The regulator has a long history of coming down hard on ISPs that are found to be engaged in mis-selling practices, like slamming, and as a result most providers are wise enough to avoid doing it. The last ISP to suffer as a result of such action was True Telecom, which at the end of 2017 was slapped with a £300,000 fine for mis-selling their landline telephone services to over 100 people (here); quite a bit more than Onestream.
UPDATE 1:37pm
We’ve had a comment from Onestream.
A Spokesperson for Onestream told ISPreview.co.uk:
“Over the past twelve months Onestream has worked extremely hard to make changes and introduce safeguards throughout the business, ensuring there can be no repetition of the mistakes that were made. Proven and respected industry professionals now hold key positions within the Onestream organisation who, working closely with independent consultants have revised all processes and implemented best practice to achieve positive change. All affected customers have been fully compensated, released from all and any contractual obligation and have received a full and unreserved apology.”

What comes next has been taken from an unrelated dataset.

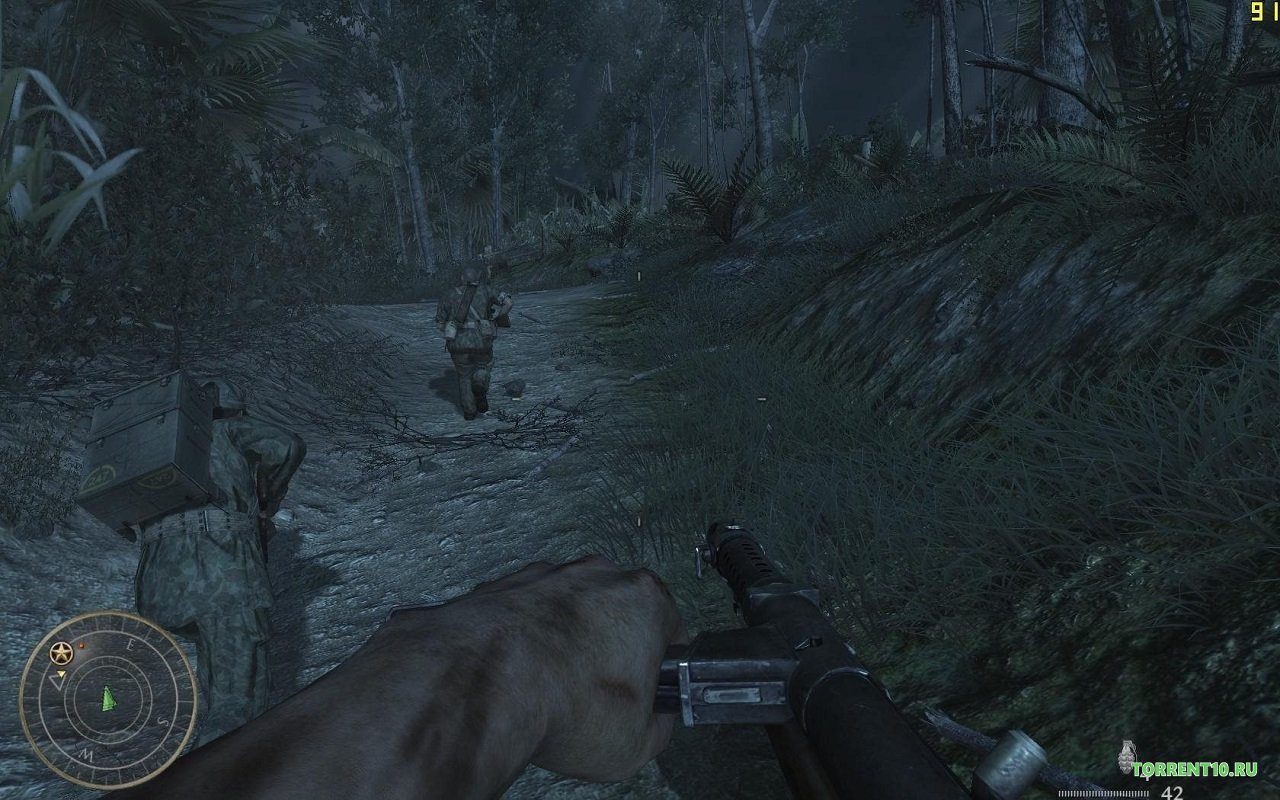 - В игре имеется одиночная кампания. Теперь игровой проект заканчивает повествование о Второй мировой войне. В данной части игроку в лице морпеха в первый раз необходимо сразиться против японской армии. А все уровни за советского солдата построены на борьбе с немецким войском. Для успешного прохождения всех миссий, необходимо быть осторожным, скрытным и метким.

Andrews and Arnold have an “anti-slamming” option whereby you give them notice that you do NOT intend to migrate your service away and they’ll automatically reject any request from another ISP to do so.
Sounds like a great idea should be a standard thing with ISPs.

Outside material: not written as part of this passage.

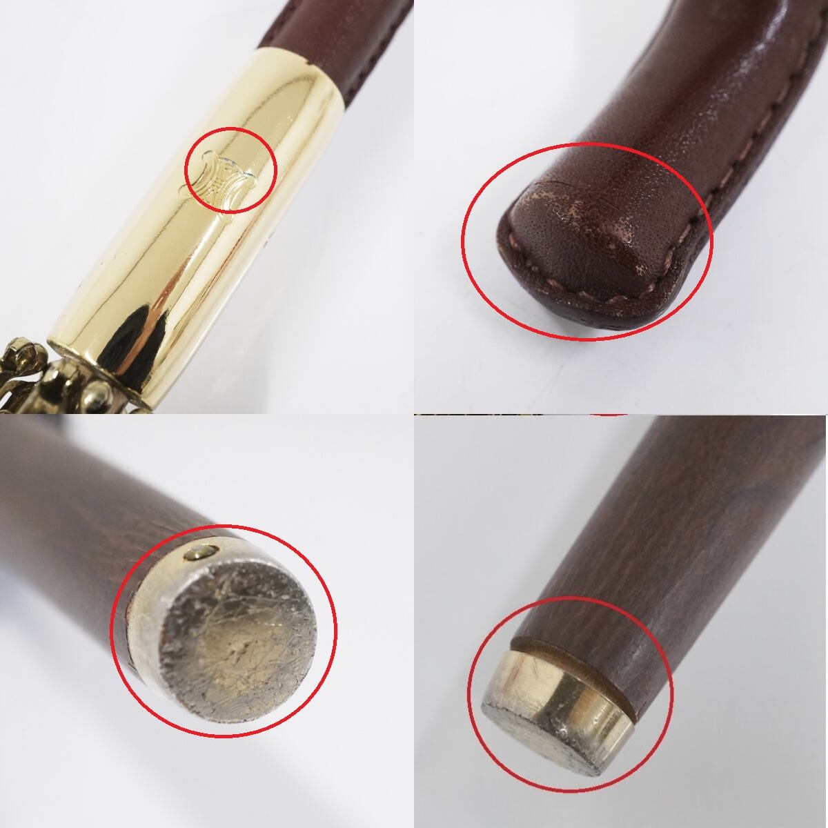 木製の石突とレザーの手元はブラウン、金属部分はゴールドでまとめられており、高級感を感じられます。

Less than £350 per customer slammed? Seems like a paltry fine to me.
Disgusting behaviour by them and rightly punished, however…
“Overall a total of “at least” 113 people were affected by the provider’s actions…”
Meanwhile Ofcom do nothing about the thousands of individual complaints the likes of BT and Talk Talk get on a monthly basis about shonky support and billing and other issues.
I guess its easier to slap a little fine on little guys than it is to go after a big organisation that will be multi-lawyered up.
Good old toothless Ofcom.
Little guys like £880k on BT-owned Plusnet in 2017?
https://www.ofcom.org.uk/about-ofcom/latest/media/media-releases/2017/plusnet-fined-880,000
There are many charges that can be legitimately leveled at Ofcom though this isn’t one of them.
I would not call BT Plusnet with hundreds of thousands of customers little when compare to this company. Ofcom did once (I think this was also 2017) try to fine BT something like 40 Million but that got magically and substantially reduced when fought in court.
This figure of £35k the 880k Plusnet one you mention and the 42 Million one for BT i remember are also all examples of inconsistency with Ofcom and fining. SIZE of the ISP should not matter big or small, those that commit a wrong should be punished accordingly (including this company).
Personally id like to see Ofcom slap more misbehaving providers with punishment, when they do misbehave and id like to see the punishment be consistent across the board.
Fines, especially when they are for silly small or big amounts are not the answer always either. A small fine achieves nothing and a big fine you can not get reduced via legal wrangling just gets added to billing for customers to pay. Threaten to take away their licence to operate, or stop them being allowed to sign up new customers until they fix their wrongs may in some cases be a better way to deal with the scum.
“This figure of £35k the 880k Plusnet one you mention and the 42 Million one for BT i remember are also all examples of inconsistency with Ofcom and fining.”
Not to mention your own inconsistency in presenting these figures.
(Could have been £35k, £880k, £42m).
What was inconsistent? Those are the fine figures Ofcom decided upon. What gets paid is another matter entirely which i though i also mentioned.
If you are trying to state i did not use “£”, “k” and “m” symbols in the manner you desire it appears it was not necessary, as you could clearly understand the figures mentioned.
Not sure what your point is… Confused.